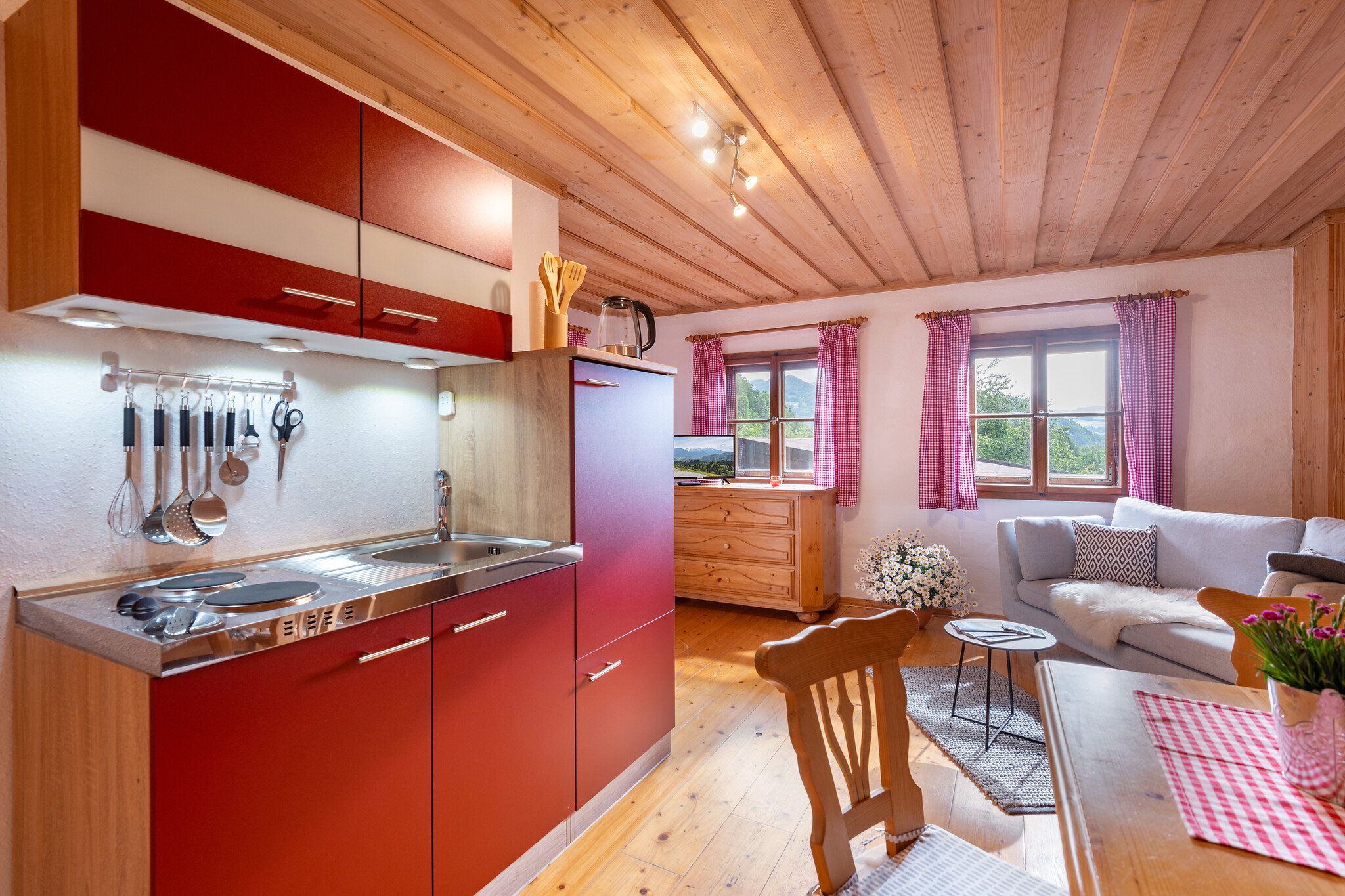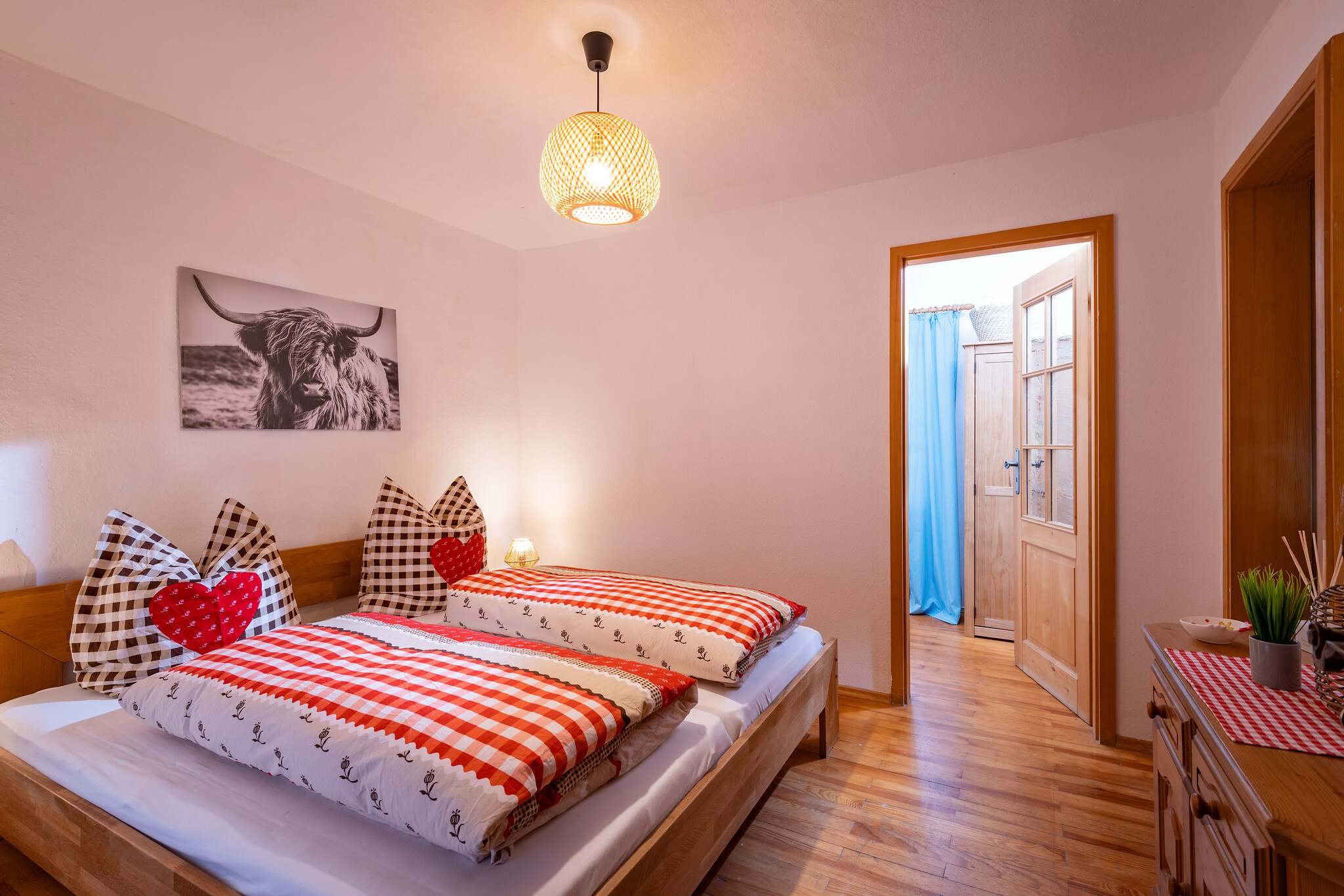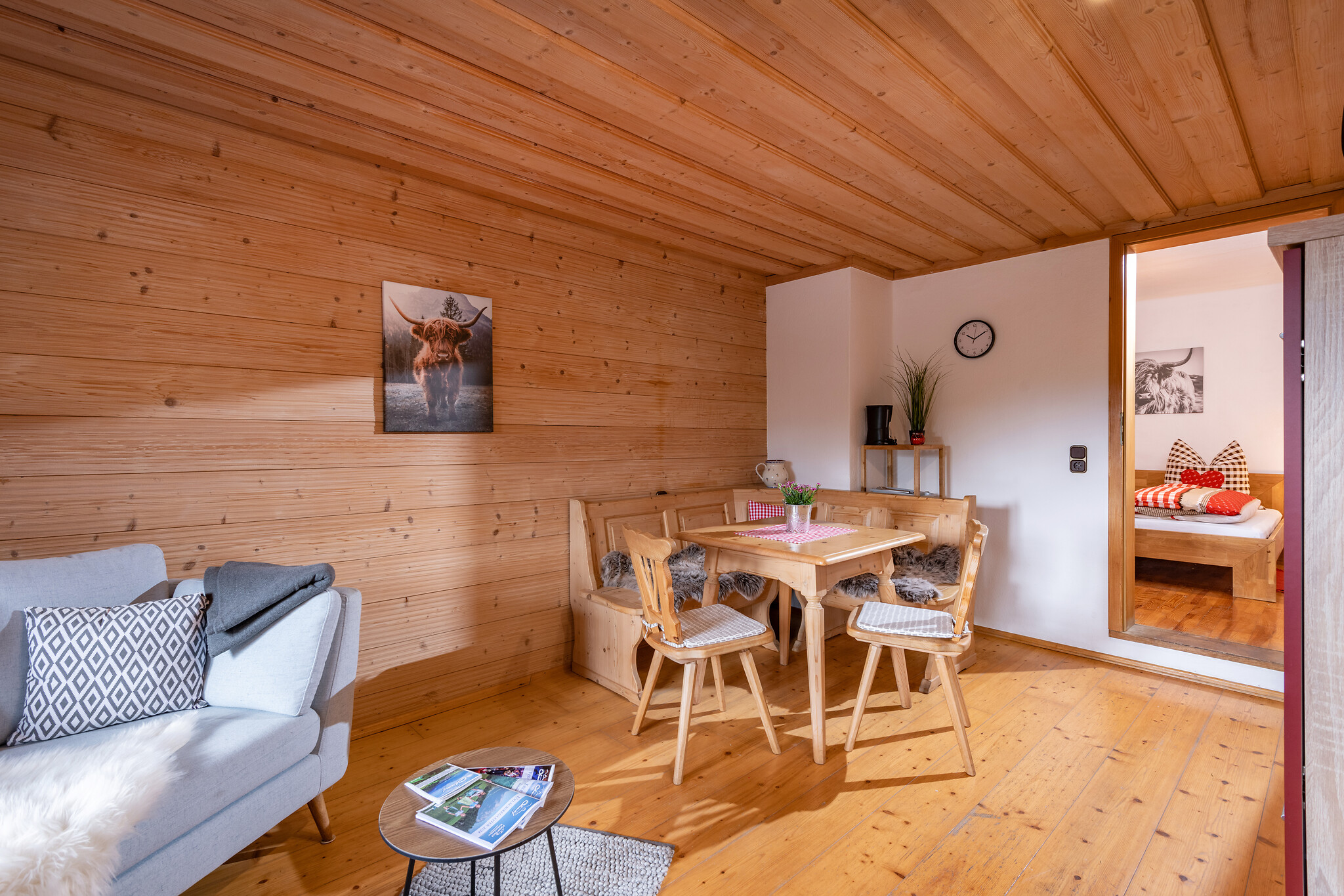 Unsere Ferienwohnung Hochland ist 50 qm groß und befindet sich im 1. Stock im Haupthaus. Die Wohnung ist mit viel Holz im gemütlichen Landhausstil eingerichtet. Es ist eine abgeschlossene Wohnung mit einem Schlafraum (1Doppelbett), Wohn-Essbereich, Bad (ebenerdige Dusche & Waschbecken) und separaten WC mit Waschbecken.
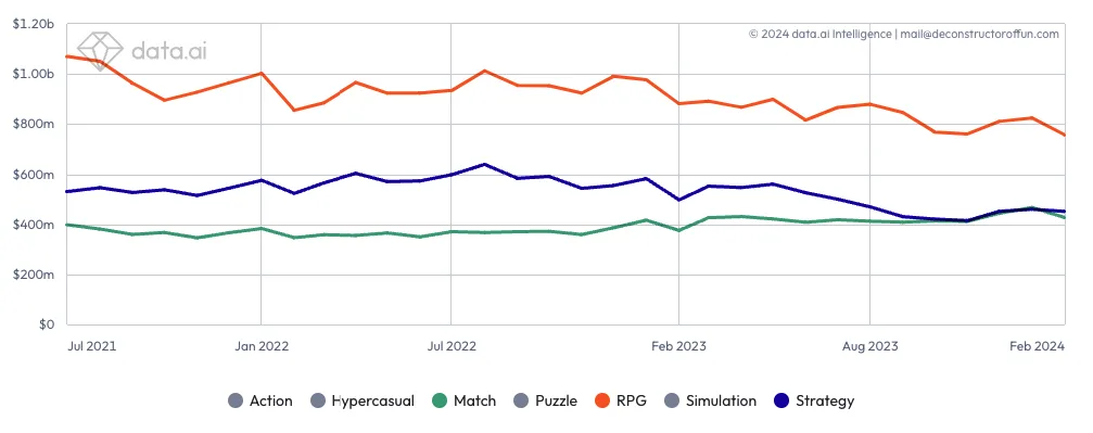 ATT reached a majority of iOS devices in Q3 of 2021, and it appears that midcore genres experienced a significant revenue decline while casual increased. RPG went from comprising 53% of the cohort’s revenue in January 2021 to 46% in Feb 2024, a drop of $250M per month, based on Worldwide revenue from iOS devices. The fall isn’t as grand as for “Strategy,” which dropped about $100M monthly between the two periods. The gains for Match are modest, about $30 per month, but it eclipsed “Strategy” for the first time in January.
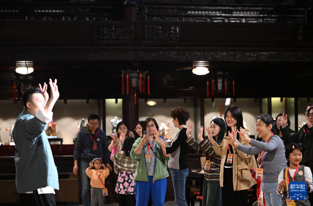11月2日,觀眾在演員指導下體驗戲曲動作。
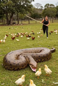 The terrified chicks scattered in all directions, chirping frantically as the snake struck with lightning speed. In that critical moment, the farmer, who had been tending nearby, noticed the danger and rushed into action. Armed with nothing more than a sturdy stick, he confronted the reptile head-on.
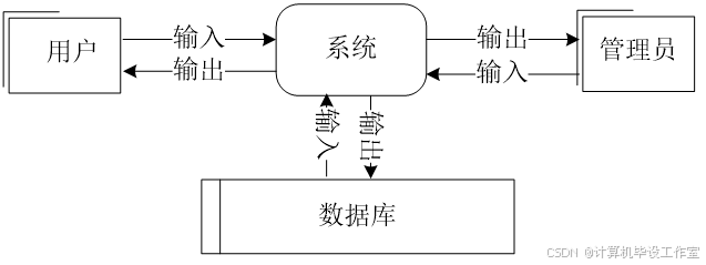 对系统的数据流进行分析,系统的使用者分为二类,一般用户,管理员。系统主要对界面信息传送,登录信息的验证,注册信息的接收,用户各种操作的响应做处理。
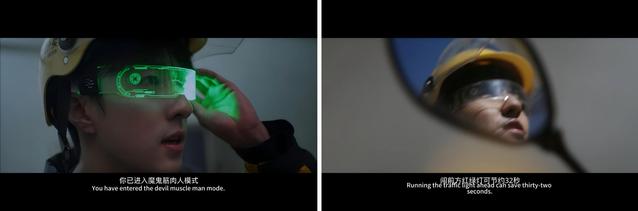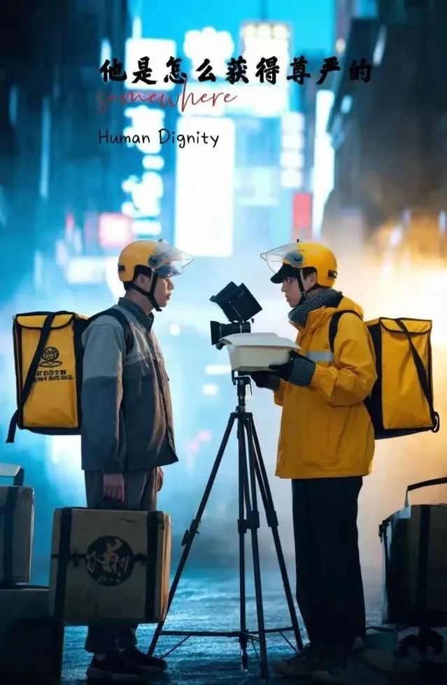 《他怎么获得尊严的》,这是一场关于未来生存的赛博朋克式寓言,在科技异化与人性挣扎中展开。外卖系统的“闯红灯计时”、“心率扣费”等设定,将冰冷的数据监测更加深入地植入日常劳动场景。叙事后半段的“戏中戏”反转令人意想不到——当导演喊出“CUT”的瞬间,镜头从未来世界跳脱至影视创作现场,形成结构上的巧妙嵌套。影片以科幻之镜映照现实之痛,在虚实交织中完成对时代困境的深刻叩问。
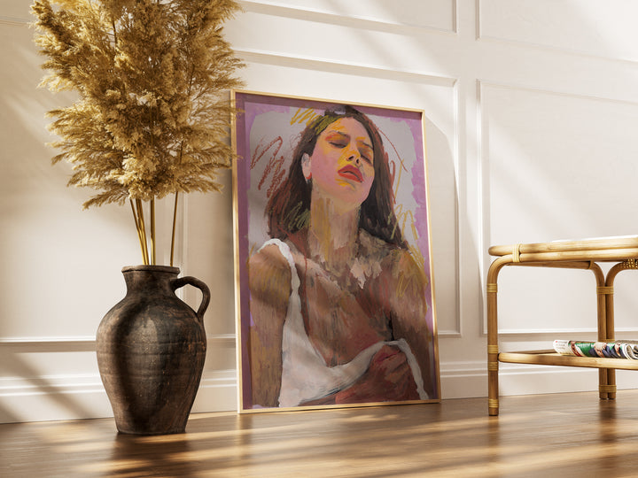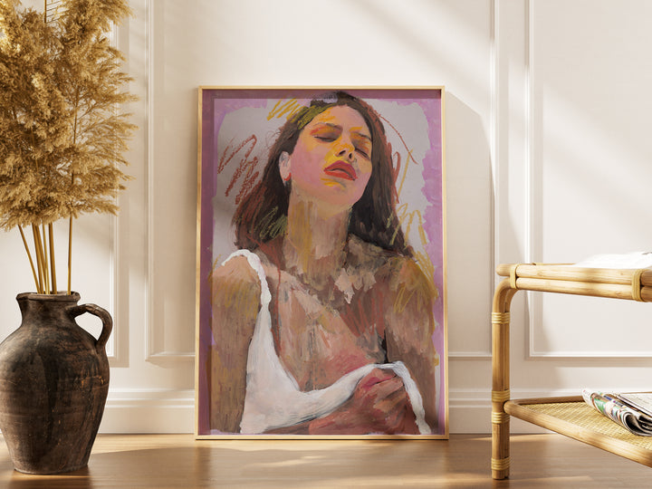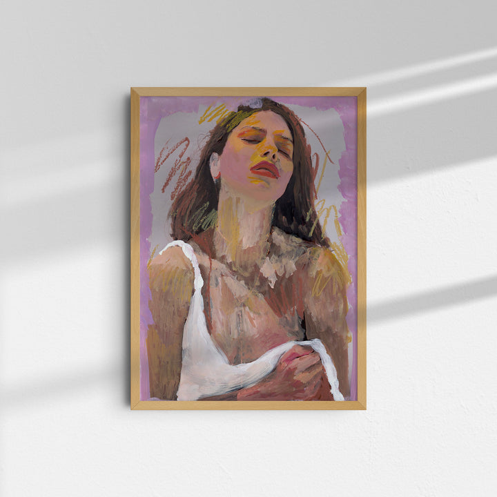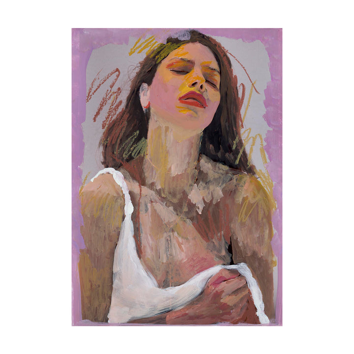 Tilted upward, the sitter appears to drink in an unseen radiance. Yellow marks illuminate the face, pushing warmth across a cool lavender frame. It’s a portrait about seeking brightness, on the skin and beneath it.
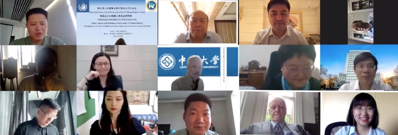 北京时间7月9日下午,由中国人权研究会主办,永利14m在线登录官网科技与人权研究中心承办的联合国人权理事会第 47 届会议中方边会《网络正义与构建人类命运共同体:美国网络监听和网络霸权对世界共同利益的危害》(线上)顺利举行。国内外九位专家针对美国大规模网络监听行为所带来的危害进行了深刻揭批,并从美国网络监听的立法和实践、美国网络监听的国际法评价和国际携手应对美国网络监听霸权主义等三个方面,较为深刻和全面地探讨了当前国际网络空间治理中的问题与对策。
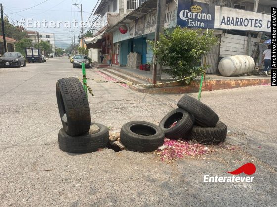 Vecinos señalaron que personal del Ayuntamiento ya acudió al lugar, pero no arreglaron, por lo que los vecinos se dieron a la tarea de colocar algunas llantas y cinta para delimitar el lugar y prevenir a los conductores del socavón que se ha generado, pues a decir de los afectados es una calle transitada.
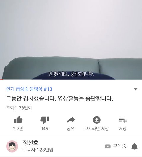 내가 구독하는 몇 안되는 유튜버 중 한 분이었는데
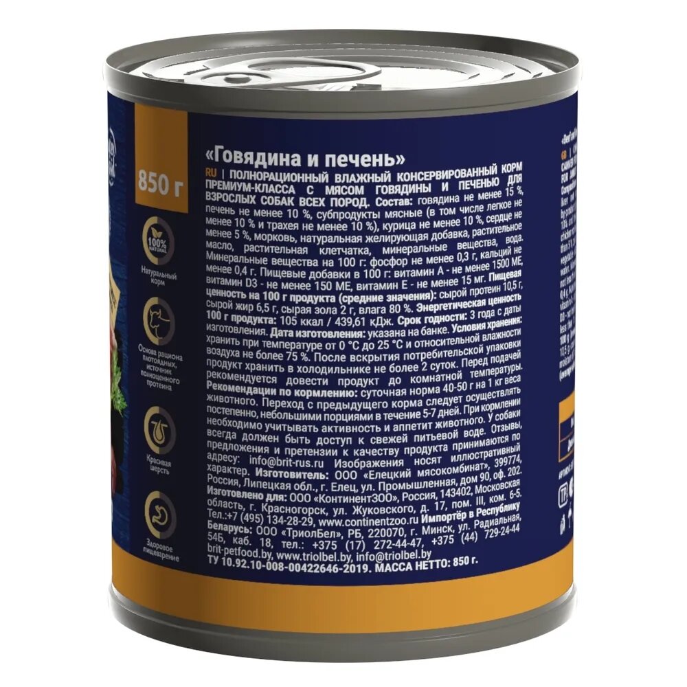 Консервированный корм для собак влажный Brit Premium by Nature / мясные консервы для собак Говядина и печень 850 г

=== Task goal ===
Only the lines from the one that contains "The terrified chicks" to the end of the records, inclusive, are to be quoted exactly, with pictures excluded.

=== Expected answer ===
 The terrified chicks scattered in all directions, chirping frantically as the snake struck with lightning speed. In that critical moment, the farmer, who had been tending nearby, noticed the danger and rushed into action. Armed with nothing more than a sturdy stick, he confronted the reptile head-on.
 对系统的数据流进行分析,系统的使用者分为二类,一般用户,管理员。系统主要对界面信息传送,登录信息的验证,注册信息的接收,用户各种操作的响应做处理。
 《他怎么获得尊严的》,这是一场关于未来生存的赛博朋克式寓言,在科技异化与人性挣扎中展开。外卖系统的“闯红灯计时”、“心率扣费”等设定,将冰冷的数据监测更加深入地植入日常劳动场景。叙事后半段的“戏中戏”反转令人意想不到——当导演喊出“CUT”的瞬间,镜头从未来世界跳脱至影视创作现场,形成结构上的巧妙嵌套。影片以科幻之镜映照现实之痛,在虚实交织中完成对时代困境的深刻叩问。
 Tilted upward, the sitter appears to drink in an unseen radiance. Yellow marks illuminate the face, pushing warmth across a cool lavender frame. It’s a portrait about seeking brightness, on the skin and beneath it.
 北京时间7月9日下午,由中国人权研究会主办,永利14m在线登录官网科技与人权研究中心承办的联合国人权理事会第 47 届会议中方边会《网络正义与构建人类命运共同体:美国网络监听和网络霸权对世界共同利益的危害》(线上)顺利举行。国内外九位专家针对美国大规模网络监听行为所带来的危害进行了深刻揭批,并从美国网络监听的立法和实践、美国网络监听的国际法评价和国际携手应对美国网络监听霸权主义等三个方面,较为深刻和全面地探讨了当前国际网络空间治理中的问题与对策。
 Vecinos señalaron que personal del Ayuntamiento ya acudió al lugar, pero no arreglaron, por lo que los vecinos se dieron a la tarea de colocar algunas llantas y cinta para delimitar el lugar y prevenir a los conductores del socavón que se ha generado, pues a decir de los afectados es una calle transitada.
 내가 구독하는 몇 안되는 유튜버 중 한 분이었는데
 Консервированный корм для собак влажный Brit Premium by Nature / мясные консервы для собак Говядина и печень 850 г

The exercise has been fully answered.